Having lived with an abuser for 21 years, I agree, men do it because they get away with it. It took years for me to gain the confidence, through counseling, to set my boundaries. Thankfully, Florida had just adopted the law which protects family abuse victims. All I had to do was call the police and explain what happened. I did not have to show any bruises or marks. The minute I had my ex arrested the first time, he stopped abusing me physically. The control he showed physically just shifted to even more verbal abuse. During that time I set up a solid plan for leaving and followed through. I found out there is life after living through hell.
 
Candi - yours is a sobering story, and it took guts for you to post it here.

I'd like, for other readers, to emphasize a point you made in the last part of your post: HAVE A PLAN FOR LEAVING AN ABUSIVE RELATIONSHIP.

There is a very concept in domestic violence analysis called "separation violence". When a long-term domestic violence victim finally decides that s/he wants to leave that relationship for good and all, that can be the most dangerous time for him/her.

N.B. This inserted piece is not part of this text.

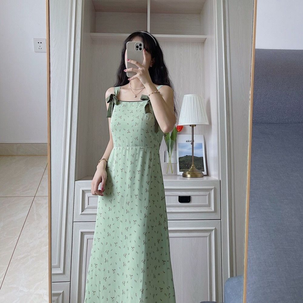 混纺布 有里衬 这款浅绿色的吊带裙裙真的太戳啦 肩膀处蝴蝶结可拆卸 侧面隐拉 花色美呆啦 浅浅的色调和夏天也很搭通勤度假都很可 自带滤镜滴仙女裙 太推荐 sm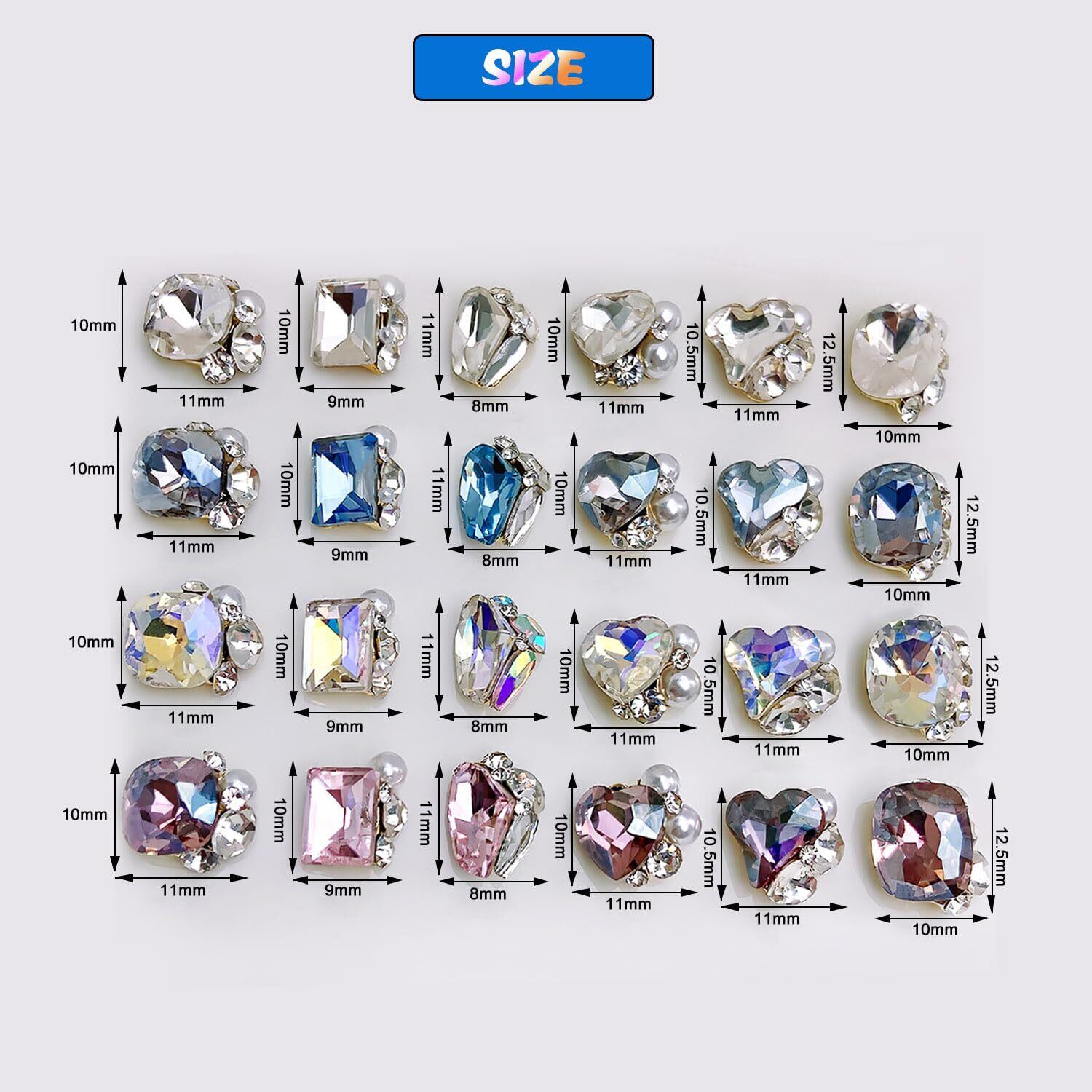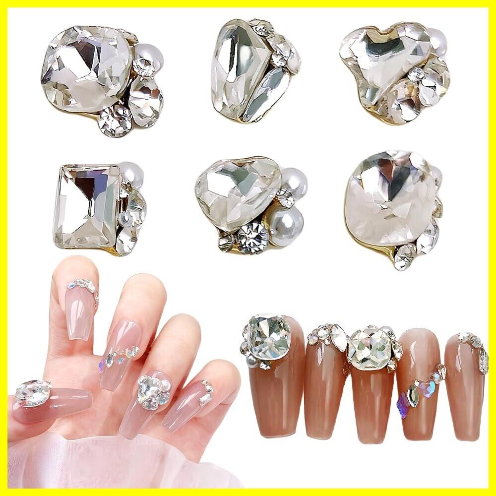 Chisafly ネイルストーン 大粒 ネイルパーツ ストーン クリスタル 宝石 キラキラ 立体 ハート スクエア 四角 レクタングル 6点セット (ホワイト)

Remember - abusers need to abuse, they need their punching bags, they need to control their victims, and when they perceive that their victims are truly out the door, that's when homicides can occur.

Be smart, be level headed, get some good systemic support in your corner, and do what you need to do to leave the relationship SAFELY. There is life after a relationship of this kind, but never underestimate what an abuser is capable of, even if s/he doesn't plan it like Peterson did.